The first side (recorded in Beirut) features oud, percussion, spreading strings, and a male dominated vocal chorus, following the golden seam of Fairuz’s established traditional style. The second (laid down in Athens) brings in a tougher bass drum kick, electric bass, and a series of warbling synthesizer solos, as if Rahbani sees himself as the cool-gliding Creed Taylor of Beirut.
Fairuz’s voice wafts and flutters with gracefully static lines, adding decorative details in her phrasing. “Baatilak” brings flute and accordion, with its strings echoing Fairuz herself. The following “Ana Indi Haneen” perfectly demonstrates the superbly aligned elements of this LP; even without grasping the Arabic language, we can still drink from Fairuz’s profoundly melancholic draft. The second side’s opening “Al Bosta” delivers sizzle-splash hi-hat and clipping cocktail romance piano, rippling under its glittering disco-ball glare, with the male vocal chorus flipping into female form, Crimplene shapes spinning. Or is that almost a pert medieval prance?

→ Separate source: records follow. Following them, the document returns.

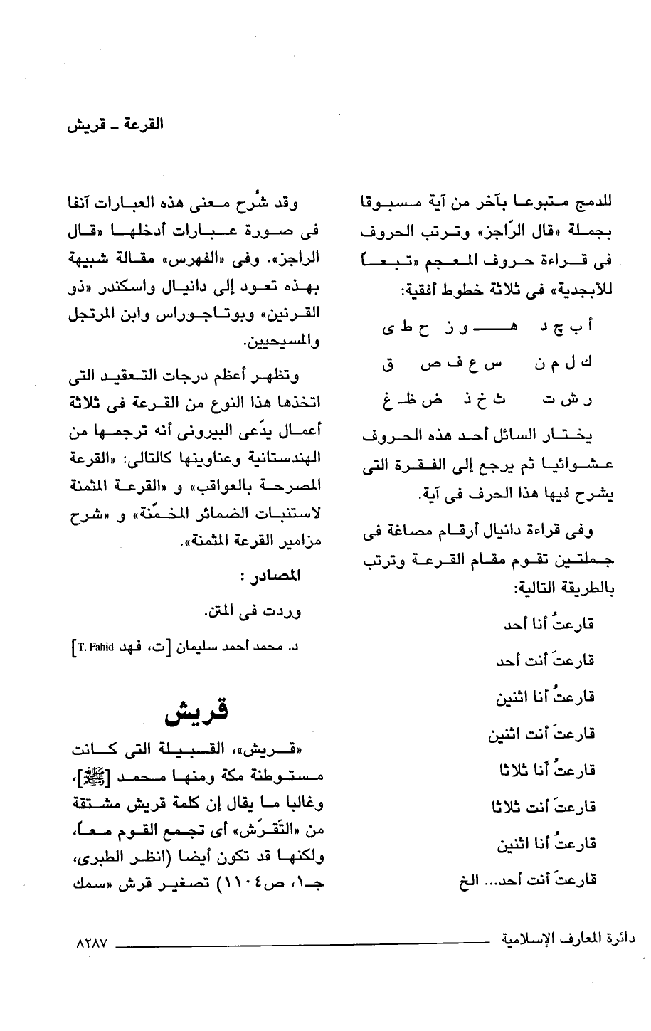 " قريش"، القبيلة التى كانت مستوطنة مكة ومنها محمد [-صلى اللَّه عليه وسلم-]، وغالبا ما يقال إن كلمة قريش مشتقة من "التَقرّش" أى تجمع القوم معا، ولكنها قد تكون أيضا (انظر الطبرى، جـ 1، ص 1104) تصغير قرش "سمك
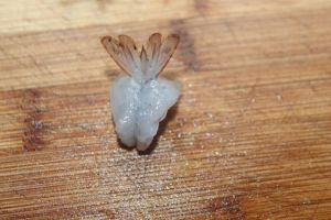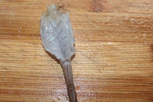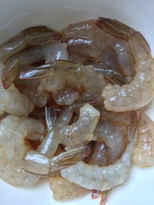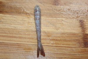 掐掉虾头,去虾线,留下尾巴和最后一节的虾皮。
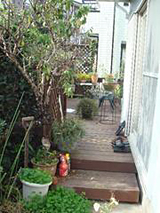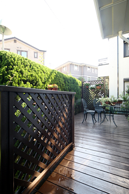 (5)![]() 老朽化して一部破損しているウッドデッキ |
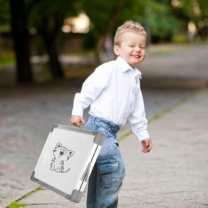 - PORTABLE & SELF-STANDING - The portable design with handle is convenient for you to carry around. This portable dry-erase easel with a self-standing design is perfect for small-group learning activities and leaving messages. It's a great learning tool for your office, school classroom, home, or any commercial space, even traveling or camping.
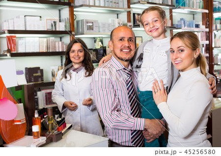 Family with a kid in pharmacy .
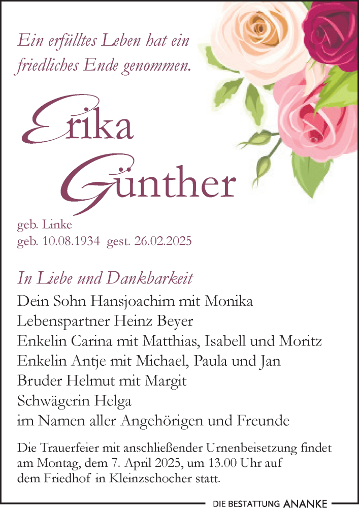 Hier finden Sie alle Traueranzeigen aus der Zeitung, die bisher für Erika Günther erschienen sind. Weitere Traueranzeigen, die in der Zeitung erscheinen, werden hier ebenfalls aufgelistet
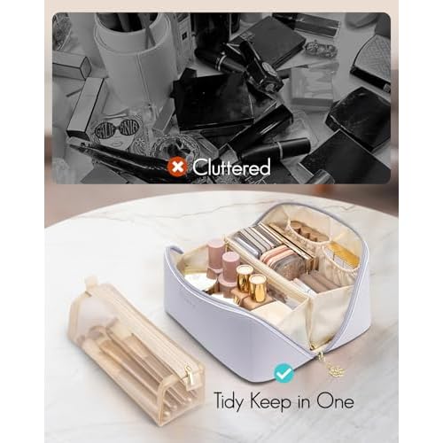 - Roomy & Portable: 9.1 x 4.8 x 4.7 inches (0.53lbs) offers ample space for cosmetics, brushes, and toiletries. Maximizes storage without cluttering luggage?ideal for travel,daily cosmetic organizer
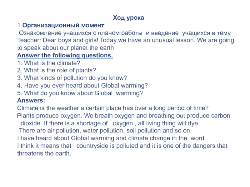 Ц ель урока
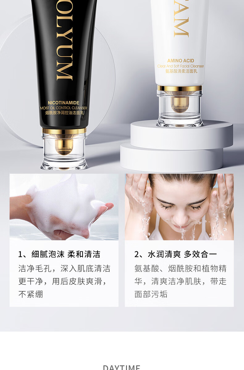 安蓓芮氨基酸洗面奶泡沫洁面慕斯卸妆二合一深层清洁收缩毛孔控油祛痘女 轻柔净澈清爽控油(2瓶优惠装)
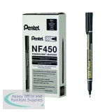 Pentel Permanent Marker Extra Fine Black (Pack of 12) NF450-A. Permanent marker with extra fine bullet tip 0.6mm line width. Robust fibre tip. For use on a variety of surfaces. 24 hour cap off time. Writes for up to 700 metres.

Our modern dance interpretations might demand sly-smile irony-contortions, but the gristle of this newfound bounce retains its integrity. Then, Fairuz is smoochily forlorn on the title cut, spreading charm through a retro-gauze of cinematic drama, a honeyed tenor saxophone responding to her languid lines. In 1979 her long-term followers must have been quite ruffled by this radical shift in style.
The freshly issued Maarifti Feek, also on WWS “deluxe edition” vinyl, explores a similar marriage of some differing ingredients. In 1984, Fairuz is still found pushing away from her mainline, established style, doubtless influenced by her son’s musical direction. Once again, this album features a duality of approach, its first six tracks suffering in their attempts to include jazz lounge flourishes. There are clumsy electro-drum spurts, tinny keyboards, seductive trumpet, worming Moog and bland backing vocals, with Fairuz a touch too low in the mix.
In the middle there’s “Le Beirut,” a puzzling variation on Joaquin Rodrigo’s Concierto de Aranjuez. It’s the last four cuts that inspire as the direction that most suits Fairuz’s voice and demeanor, sounding as if they were recorded at a different session, with different musicians, resulting in a tighter, dynamic energy. The instrumental “Entowrah” is rhythmically taut, with a rattling goblet drum, and keyboards that sound closer to a 1980s Algerian raï earthiness. Fairuz has a more windswept, minimalist setting for “Ma Kedert Neseet”, and the old morose nature makes its welcome return. A harsh bass synth sound and slap bass guitar permeate “Oudak Rannan,” which moves at a faster clip, with male chorus responses, scintillating oud breaks and a climax of percussion that could be either machine gun fire or frame drum abuse. This is the most desirable form of fusion for Fairuz.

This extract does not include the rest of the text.